De prioritering van aanvragen voor een conformiteitsbeoordeling van liften en veiligheidscomponenten voor liften op grond van lid 2 leidt niet tot onevenredige extra kosten voor de installateurs en fabrikanten die die aanvragen hebben ingediend.
4.
De aangemelde instanties leveren redelijke inspanningen om hun testcapaciteit te vergroten voor de in lid 1 bedoelde liften en veiligheidscomponenten voor liften in verband waarmee de aanmelding bij hen is gebeurd.
Artikel 41 quater
Afwijking van de conformiteitsbeoordelingsprocedures die de betrokkenheid van een aangemelde instantie vereisen
1.
In afwijking van artikel 15 kan een lidstaat op grond van een naar behoren gemotiveerd verzoek van een marktdeelnemer toestemming verlenen voor het in de handel brengen op het grondgebied van die lidstaat van een specifieke veiligheidscomponent voor liften die is opgenomen in de in artikel 41 bis, lid 1, bedoelde uitvoeringshandeling en waarvoor de in artikel 15 bedoelde conformiteitsbeoordelingsprocedures die de betrokkenheid van een aangemelde instantie vereisen, niet zijn uitgevoerd, maar waarvoor is aangetoond dat aan alle toepasselijke essentiële gezondheids- en veiligheidseisen van deze richtlijn is voldaan in overeenstemming met de in die vergunning bedoelde procedures.
2.
In afwijking van artikel 16 kan een lidstaat op grond van een naar behoren gemotiveerd verzoek van een marktdeelnemer toestemming verlenen voor het in de handel brengen op het grondgebied van die lidstaat van een specifieke lift die is opgenomen in de in artikel 41 bis, lid 1, bedoelde uitvoeringshandeling en waarvoor de in artikel 16 bedoelde conformiteitsbeoordelingsprocedures die de betrokkenheid van een aangemelde instantie vereisen, niet zijn uitgevoerd, maar waarvoor is aangetoond dat aan alle toepasselijke essentiële gezondheids- en veiligheidseisen van deze richtlijn is voldaan in overeenstemming met de in die vergunning bedoelde procedures.
3.
De lidstaat stelt de Commissie en de andere lidstaten onmiddellijk in kennis van een eventuele vergunning die is afgegeven overeenkomstig lid 1 of 2 van dit artikel.

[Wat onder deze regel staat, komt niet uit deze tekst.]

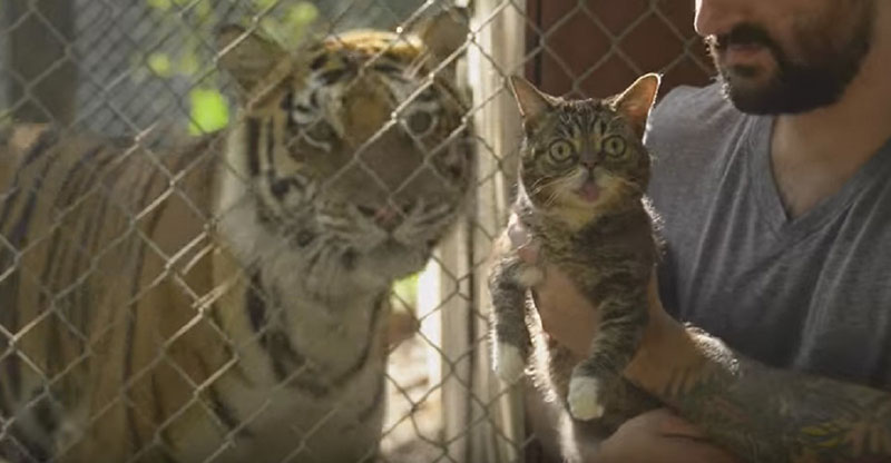 The video below shows the fateful meeting between Bub the cat and two of his feline cousins – tigers. At first the tigers were curious and wary of Bub and were just checking him out. Pretty soon, the tigers were all chummy and eager to get closer to the cat. Bub, however, had other plans.
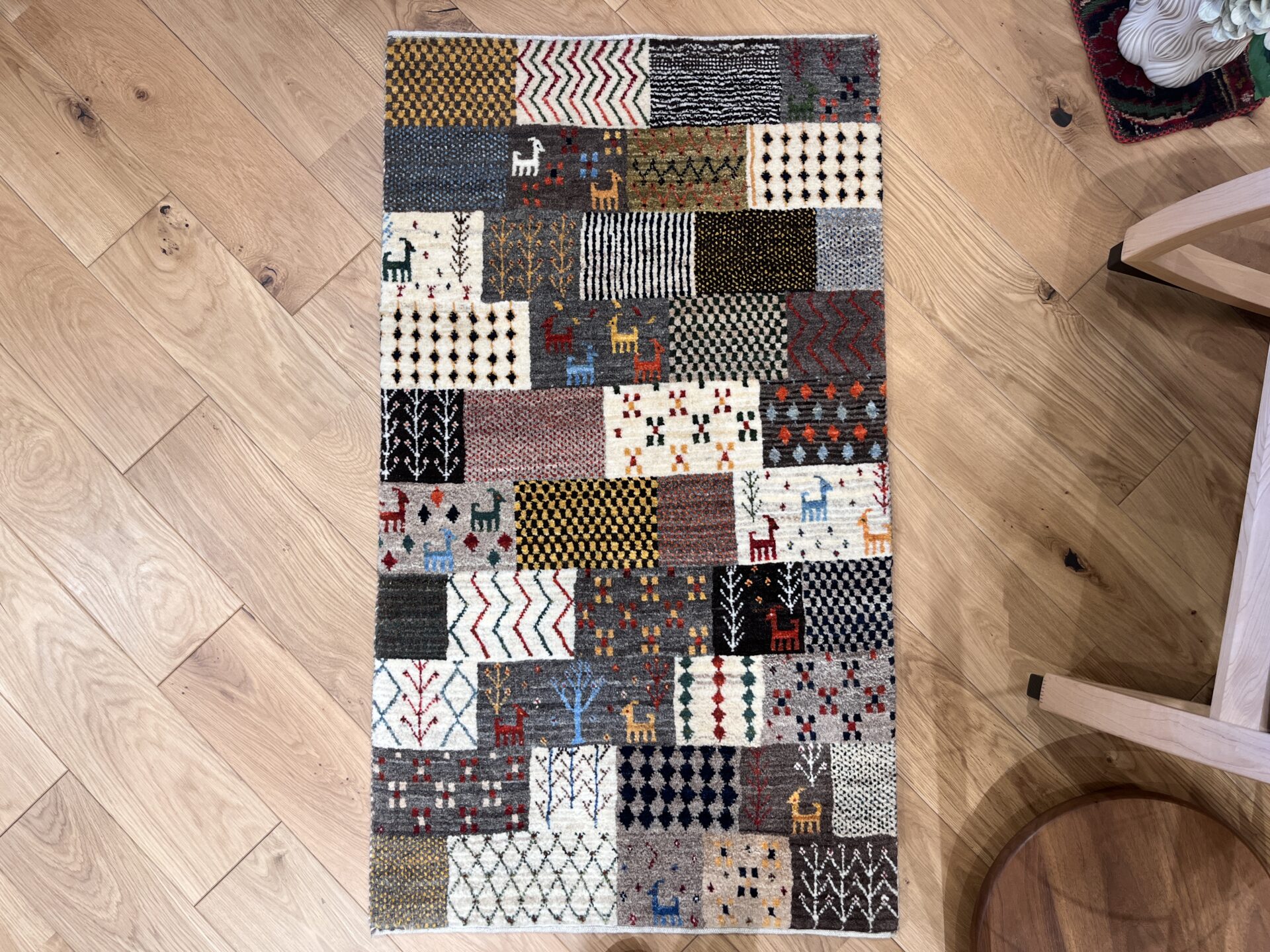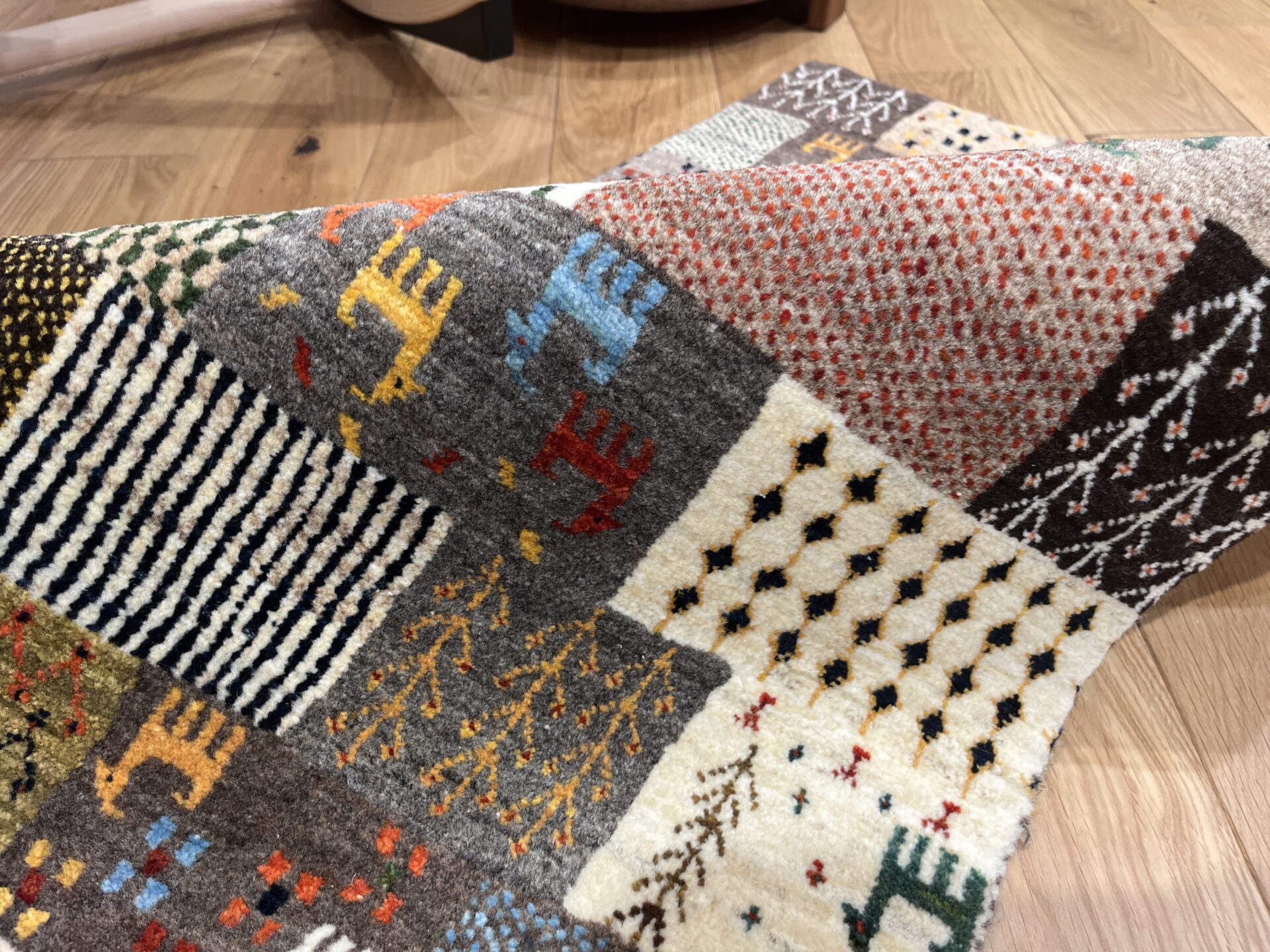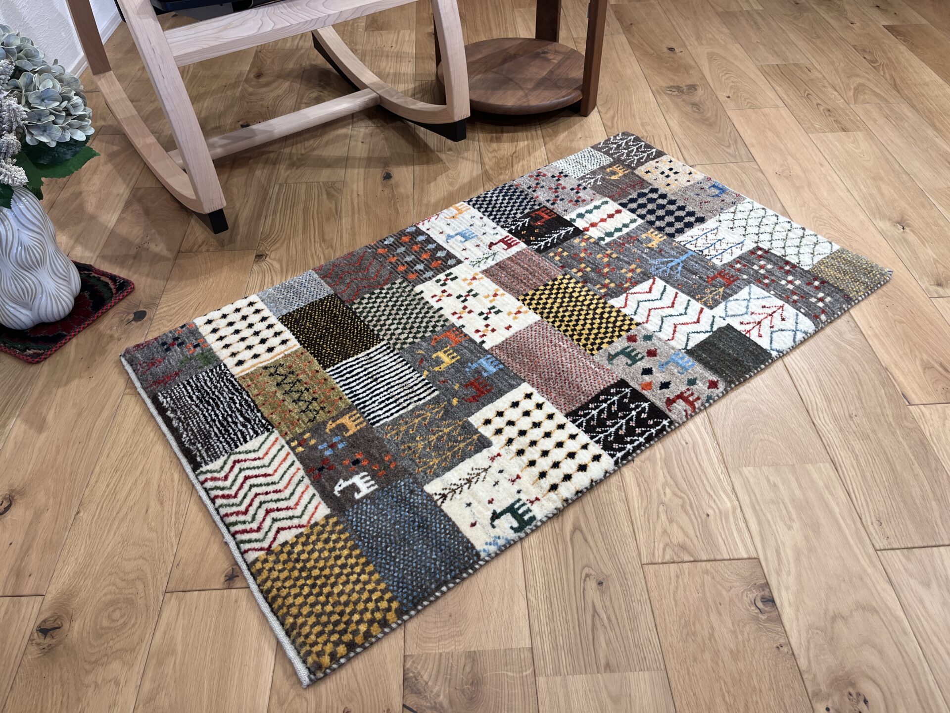ギャッベ全体を埋め尽くすように織り込まれたパッチワーク模様。
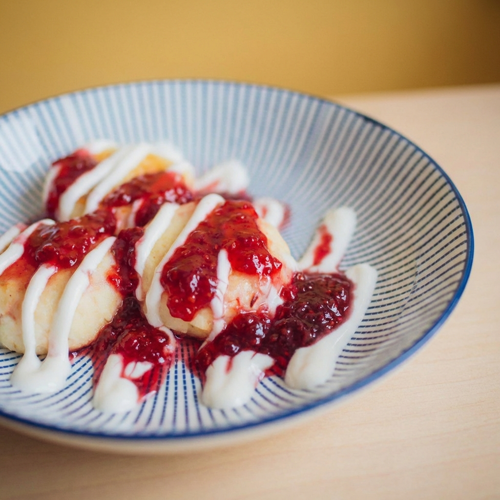 Сырники ПП с клубничым соусом и сметаной
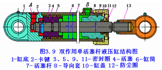 上圖給出了雙作用單活塞桿液壓缸的結(jié)構(gòu)圖,該液壓缸主要由1缸底、6缸筒、10缸蓋、4活塞、7活塞桿和8導(dǎo)向套等組成;缸筒一端與液壓缸底焊接,另一端與液壓缸蓋采用螺紋連接?;钊c活塞桿采用卡鍵連接,為了確保液壓缸的可靠密封,在相應(yīng)位置設(shè)置了密封圈3、5、9、11和12防塵圈密封件。
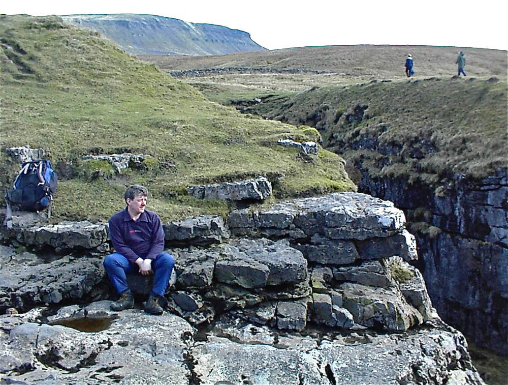 Originally described as 'almond rock' by Hughes (1900) from its appearance, the Girvanella Band (GB) is a band of very dark or black bituminous limestone containing Girvanella nodules or oncoids. The nodules represent a symbiotic intergrowth between three species of lowly plants and animals, including the alga Girvanella which forms concentric rings around shell fragments (O'Connor 1964). Garwood and Goodyear (1924) claim to have seen the band at Jackdaw Hole but this may have been an outlying fragment as it has not yet been seen. The Girvanella Band occurs at the top of the Great Scar Limestone where it is taken as the boundary between the lower limestones of D1 age and the higher limestones of D2 age, the Yoredales. Locations where the GB can be seen clearly, i.e. the Girvanella nodules are distinctive which is not always the case, and which have examined are shown on the attached sketch map Fig. 2 (not currently available - under revision} Left: Phil Ryder is sitting on an outcrop of the Girvanella Band at Hull Pot. |
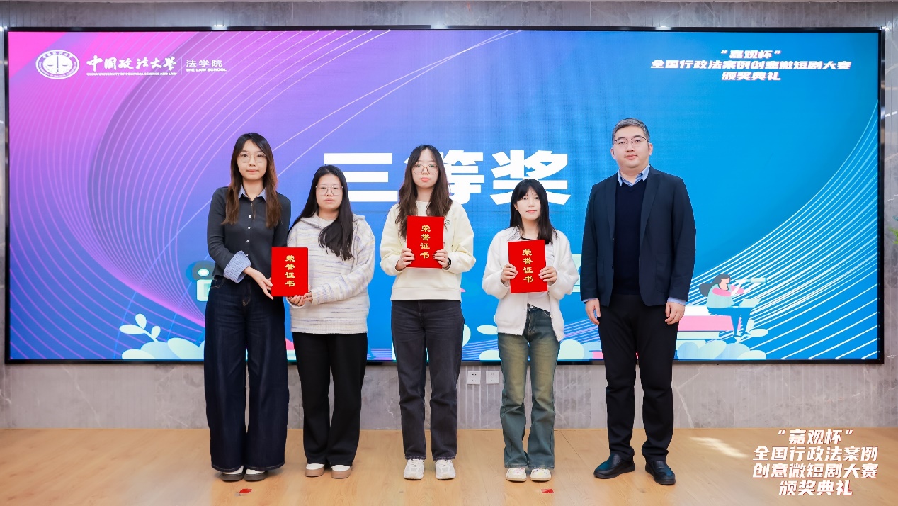 2024年11月17日上午,首次“嘉观杯”全国行政法案例创意微短剧比赛颁奖典礼于中国政法大学举行。本次比赛旨在通过微短剧的形式推动行政教研形态的创新,培养学生法律实践能力,提升学生和教师对于行政法案例教学的理解与应用能力。本次比赛聚焦于行政法领域的典型案例,鼓励参赛者挖掘创意,以微短剧形式展现行政法的独特魅力与丰富内涵,推动行政法知识的传播与普及。
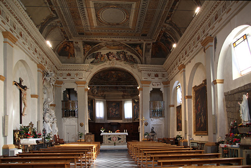 Fino all’inizio dell’Ottocento la chiesa è stata dedicata solo a san Marino; è molto antica e all’esterno reca chiari segni dei rimaneggiamenti subiti. Sulla facciata sono ben visibili due alte monofore gotiche cieche, ripristinate durante i restauri seguiti al terremoto del 1916; affiancano la finestra centrale che è molto più tarda (e che sostituisce un modesto rosone) e sovrastano il portale settecentesco; monofore simili e ugualmente cieche compaiono sui fianchi, il cui paramento murario compatto e uniforme (benché visibilmente ripreso in molti punti) è dovuto ad un accurato ripristino. L’abside, fondata sulle mura urbiche romane, è cinquecentesca, ma sorretta da contrafforti moderni, e moderno è pure il campanile.
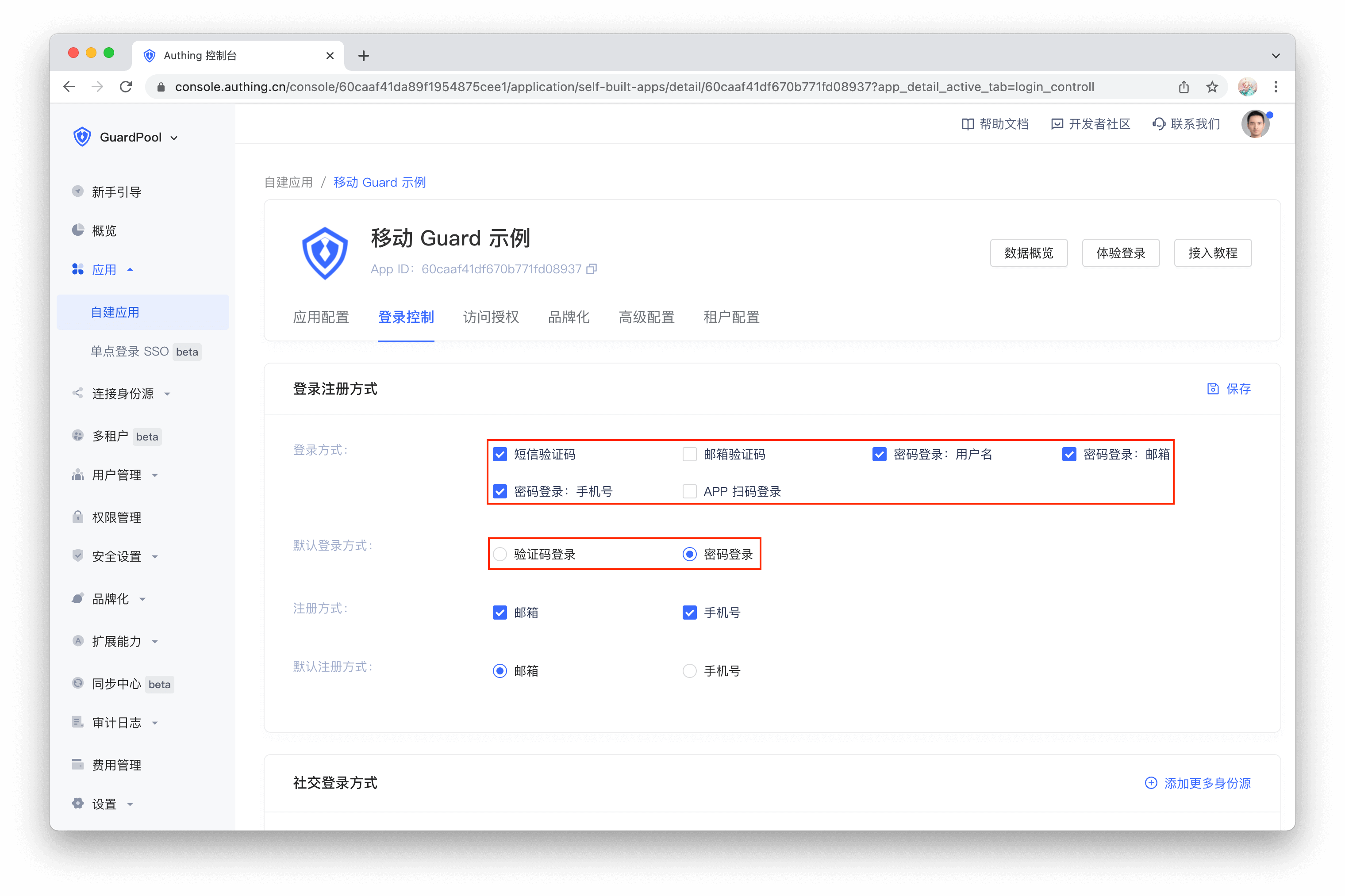 默认登录方式会放到最左边
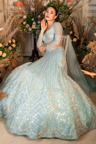 Powder blue flowy organza lehenga with silver glass beads and sequin embroidery fine pleated full sleeve blouse and simple net dupatta. Crep and cotton lining, blouse with back hook and tie up, skirt with hook eye and drawstrings
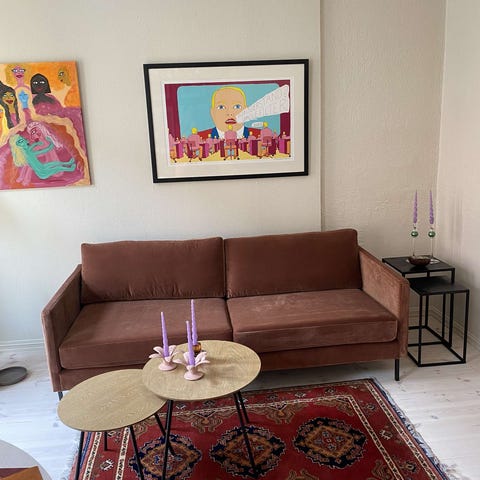 Sofaen er enkel å bære da alle putene er løse og selve rammen er enkel å bære.

Mits de eisen in de vergunning garanderen dat wordt voldaan aan de toepasselijke essentiële gezondheids- en veiligheidseisen van bijlage I, stelt de Commissie onverwijld een uitvoeringshandeling vast waarbij de geldigheid van de door een lidstaat overeenkomstig lid 1 of 2 van dit artikel verleende vergunning tot het grondgebied van de hele Unie wordt uitgebreid, en bepaalt zij de voorwaarden waaronder de specifieke lift of veiligheidscomponent voor liften in de handel mag worden gebracht. Bij het opstellen van de ontwerpuitvoeringshandeling kan de Commissie nationale markttoezichtautoriteiten verzoeken relevante informatie of opmerkingen te verstrekken over de technische beoordeling die als basis heeft gediend voor de in lid 1 of 2 van dit artikel bedoelde vergunning. Die uitvoeringshandeling wordt vastgesteld volgens de in artikel 42, lid 3, bedoelde onderzoeksprocedure.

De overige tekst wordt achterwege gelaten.